## Work order
Search the data below, and report every line in which "living" occurs.

## Input data
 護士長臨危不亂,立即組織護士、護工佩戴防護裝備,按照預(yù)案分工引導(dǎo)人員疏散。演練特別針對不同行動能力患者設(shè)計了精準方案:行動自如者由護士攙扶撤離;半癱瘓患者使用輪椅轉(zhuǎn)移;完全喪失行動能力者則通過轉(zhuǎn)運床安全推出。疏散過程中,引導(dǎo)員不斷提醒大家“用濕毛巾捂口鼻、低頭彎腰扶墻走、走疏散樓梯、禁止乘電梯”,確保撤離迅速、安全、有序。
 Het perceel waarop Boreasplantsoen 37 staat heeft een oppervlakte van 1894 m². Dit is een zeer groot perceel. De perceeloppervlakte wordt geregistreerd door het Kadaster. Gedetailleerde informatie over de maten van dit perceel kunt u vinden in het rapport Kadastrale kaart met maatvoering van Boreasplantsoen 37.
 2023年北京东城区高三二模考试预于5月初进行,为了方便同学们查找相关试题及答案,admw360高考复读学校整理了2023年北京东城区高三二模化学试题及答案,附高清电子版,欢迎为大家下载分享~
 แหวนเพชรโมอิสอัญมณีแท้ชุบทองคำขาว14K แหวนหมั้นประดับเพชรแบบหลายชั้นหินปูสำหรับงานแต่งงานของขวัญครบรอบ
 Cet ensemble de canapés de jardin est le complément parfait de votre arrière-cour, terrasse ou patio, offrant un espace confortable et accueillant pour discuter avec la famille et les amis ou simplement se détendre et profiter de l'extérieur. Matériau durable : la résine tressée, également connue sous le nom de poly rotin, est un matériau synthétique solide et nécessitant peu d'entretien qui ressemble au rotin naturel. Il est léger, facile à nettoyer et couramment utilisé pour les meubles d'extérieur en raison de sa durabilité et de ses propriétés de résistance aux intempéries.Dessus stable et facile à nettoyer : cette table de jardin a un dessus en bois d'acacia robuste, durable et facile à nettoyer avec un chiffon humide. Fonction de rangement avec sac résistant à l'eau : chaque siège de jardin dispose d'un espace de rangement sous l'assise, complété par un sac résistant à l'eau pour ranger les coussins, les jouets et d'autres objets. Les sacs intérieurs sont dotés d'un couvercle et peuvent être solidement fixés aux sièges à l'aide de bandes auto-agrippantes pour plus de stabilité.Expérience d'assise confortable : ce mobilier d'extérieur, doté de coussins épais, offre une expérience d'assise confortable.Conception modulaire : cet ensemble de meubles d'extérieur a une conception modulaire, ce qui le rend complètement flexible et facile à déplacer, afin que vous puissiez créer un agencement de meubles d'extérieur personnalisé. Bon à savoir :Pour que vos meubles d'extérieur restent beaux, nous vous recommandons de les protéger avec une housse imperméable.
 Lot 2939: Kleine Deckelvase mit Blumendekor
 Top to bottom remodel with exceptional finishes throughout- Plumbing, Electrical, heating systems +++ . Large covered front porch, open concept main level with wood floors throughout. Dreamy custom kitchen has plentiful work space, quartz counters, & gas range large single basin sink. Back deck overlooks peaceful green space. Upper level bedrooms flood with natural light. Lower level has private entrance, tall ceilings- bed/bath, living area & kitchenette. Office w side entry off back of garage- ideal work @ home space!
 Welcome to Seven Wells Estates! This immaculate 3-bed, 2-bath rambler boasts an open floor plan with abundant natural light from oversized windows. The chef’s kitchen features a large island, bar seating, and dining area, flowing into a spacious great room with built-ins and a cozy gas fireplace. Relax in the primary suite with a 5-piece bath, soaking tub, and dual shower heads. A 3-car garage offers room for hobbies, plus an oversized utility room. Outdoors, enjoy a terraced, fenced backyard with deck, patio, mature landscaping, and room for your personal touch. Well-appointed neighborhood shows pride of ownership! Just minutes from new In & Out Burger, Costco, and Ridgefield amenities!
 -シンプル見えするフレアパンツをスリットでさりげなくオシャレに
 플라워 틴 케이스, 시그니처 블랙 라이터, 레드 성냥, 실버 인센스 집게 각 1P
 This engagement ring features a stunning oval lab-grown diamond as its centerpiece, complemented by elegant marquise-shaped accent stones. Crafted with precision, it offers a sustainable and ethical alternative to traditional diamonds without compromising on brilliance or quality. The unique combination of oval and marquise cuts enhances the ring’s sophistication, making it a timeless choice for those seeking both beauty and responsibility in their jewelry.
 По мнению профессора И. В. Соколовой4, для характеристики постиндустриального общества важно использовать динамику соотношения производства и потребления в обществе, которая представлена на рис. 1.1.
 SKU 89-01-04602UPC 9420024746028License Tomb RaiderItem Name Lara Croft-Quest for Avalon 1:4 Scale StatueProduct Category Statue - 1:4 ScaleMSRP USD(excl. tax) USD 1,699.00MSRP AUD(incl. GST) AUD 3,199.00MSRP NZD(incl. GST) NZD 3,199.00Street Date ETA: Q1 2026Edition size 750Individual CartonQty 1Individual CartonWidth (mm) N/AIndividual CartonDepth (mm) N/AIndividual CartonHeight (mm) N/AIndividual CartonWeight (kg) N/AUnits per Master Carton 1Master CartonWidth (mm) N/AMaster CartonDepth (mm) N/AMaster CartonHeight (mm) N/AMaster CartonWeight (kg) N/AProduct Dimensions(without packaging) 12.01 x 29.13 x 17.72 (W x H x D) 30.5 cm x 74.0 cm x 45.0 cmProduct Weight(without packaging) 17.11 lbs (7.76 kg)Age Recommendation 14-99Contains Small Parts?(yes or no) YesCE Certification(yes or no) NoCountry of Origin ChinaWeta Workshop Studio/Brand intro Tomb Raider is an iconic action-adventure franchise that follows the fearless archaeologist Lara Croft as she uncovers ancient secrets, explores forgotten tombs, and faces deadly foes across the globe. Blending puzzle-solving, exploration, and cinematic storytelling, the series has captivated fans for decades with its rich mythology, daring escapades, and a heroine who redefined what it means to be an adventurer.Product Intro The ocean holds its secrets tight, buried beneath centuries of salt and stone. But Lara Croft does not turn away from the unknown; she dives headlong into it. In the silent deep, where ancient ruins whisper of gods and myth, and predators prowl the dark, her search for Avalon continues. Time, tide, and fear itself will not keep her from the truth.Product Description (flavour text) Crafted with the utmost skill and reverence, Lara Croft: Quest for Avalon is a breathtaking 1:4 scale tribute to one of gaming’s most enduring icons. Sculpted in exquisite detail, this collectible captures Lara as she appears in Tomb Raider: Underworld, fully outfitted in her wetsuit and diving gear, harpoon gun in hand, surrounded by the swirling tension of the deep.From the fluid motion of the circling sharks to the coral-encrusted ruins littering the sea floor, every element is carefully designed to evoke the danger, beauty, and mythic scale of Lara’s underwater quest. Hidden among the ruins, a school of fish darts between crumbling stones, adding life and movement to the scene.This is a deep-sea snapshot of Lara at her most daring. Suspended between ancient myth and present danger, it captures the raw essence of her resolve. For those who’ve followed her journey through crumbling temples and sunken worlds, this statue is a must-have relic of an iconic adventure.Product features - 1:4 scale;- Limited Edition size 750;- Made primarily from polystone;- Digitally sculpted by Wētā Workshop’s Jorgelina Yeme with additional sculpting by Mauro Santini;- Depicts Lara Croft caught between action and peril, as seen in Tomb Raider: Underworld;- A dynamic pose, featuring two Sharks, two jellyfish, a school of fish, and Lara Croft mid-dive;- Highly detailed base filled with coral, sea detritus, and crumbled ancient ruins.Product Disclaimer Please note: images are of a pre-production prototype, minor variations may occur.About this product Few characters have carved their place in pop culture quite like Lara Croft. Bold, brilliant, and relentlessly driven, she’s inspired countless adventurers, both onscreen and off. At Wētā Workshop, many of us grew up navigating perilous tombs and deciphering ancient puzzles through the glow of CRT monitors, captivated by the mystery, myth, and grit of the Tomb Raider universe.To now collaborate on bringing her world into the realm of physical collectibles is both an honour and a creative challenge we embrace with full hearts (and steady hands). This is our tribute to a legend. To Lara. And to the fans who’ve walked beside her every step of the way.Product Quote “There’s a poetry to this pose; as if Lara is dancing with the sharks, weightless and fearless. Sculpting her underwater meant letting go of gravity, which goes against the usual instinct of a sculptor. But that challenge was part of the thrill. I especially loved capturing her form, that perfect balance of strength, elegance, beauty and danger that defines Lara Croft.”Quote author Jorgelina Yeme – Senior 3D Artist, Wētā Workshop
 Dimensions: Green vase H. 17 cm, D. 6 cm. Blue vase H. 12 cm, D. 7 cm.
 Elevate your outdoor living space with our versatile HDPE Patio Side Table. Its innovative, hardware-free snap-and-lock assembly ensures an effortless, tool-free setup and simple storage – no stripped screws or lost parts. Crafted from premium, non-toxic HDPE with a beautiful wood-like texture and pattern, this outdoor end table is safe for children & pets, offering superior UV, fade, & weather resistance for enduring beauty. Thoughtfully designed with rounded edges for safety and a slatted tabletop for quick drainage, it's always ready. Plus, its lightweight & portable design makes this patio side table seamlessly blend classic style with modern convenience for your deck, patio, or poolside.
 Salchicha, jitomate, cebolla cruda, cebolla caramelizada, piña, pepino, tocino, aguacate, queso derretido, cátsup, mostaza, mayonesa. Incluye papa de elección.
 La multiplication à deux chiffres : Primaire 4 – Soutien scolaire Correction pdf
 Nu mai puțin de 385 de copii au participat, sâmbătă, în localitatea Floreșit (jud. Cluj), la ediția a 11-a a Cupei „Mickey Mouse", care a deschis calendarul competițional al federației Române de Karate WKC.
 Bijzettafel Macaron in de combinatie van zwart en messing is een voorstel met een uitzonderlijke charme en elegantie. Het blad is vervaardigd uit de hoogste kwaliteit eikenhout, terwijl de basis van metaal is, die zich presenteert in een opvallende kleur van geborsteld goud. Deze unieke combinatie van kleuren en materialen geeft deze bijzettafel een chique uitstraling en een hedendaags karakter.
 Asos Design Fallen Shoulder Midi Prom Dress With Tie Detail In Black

## Result for this task
 Top to bottom remodel with exceptional finishes throughout- Plumbing, Electrical, heating systems +++ . Large covered front porch, open concept main level with wood floors throughout. Dreamy custom kitchen has plentiful work space, quartz counters, & gas range large single basin sink. Back deck overlooks peaceful green space. Upper level bedrooms flood with natural light. Lower level has private entrance, tall ceilings- bed/bath, living area & kitchenette. Office w side entry off back of garage- ideal work @ home space!
 Elevate your outdoor living space with our versatile HDPE Patio Side Table. Its innovative, hardware-free snap-and-lock assembly ensures an effortless, tool-free setup and simple storage – no stripped screws or lost parts. Crafted from premium, non-toxic HDPE with a beautiful wood-like texture and pattern, this outdoor end table is safe for children & pets, offering superior UV, fade, & weather resistance for enduring beauty. Thoughtfully designed with rounded edges for safety and a slatted tabletop for quick drainage, it's always ready. Plus, its lightweight & portable design makes this patio side table seamlessly blend classic style with modern convenience for your deck, patio, or poolside.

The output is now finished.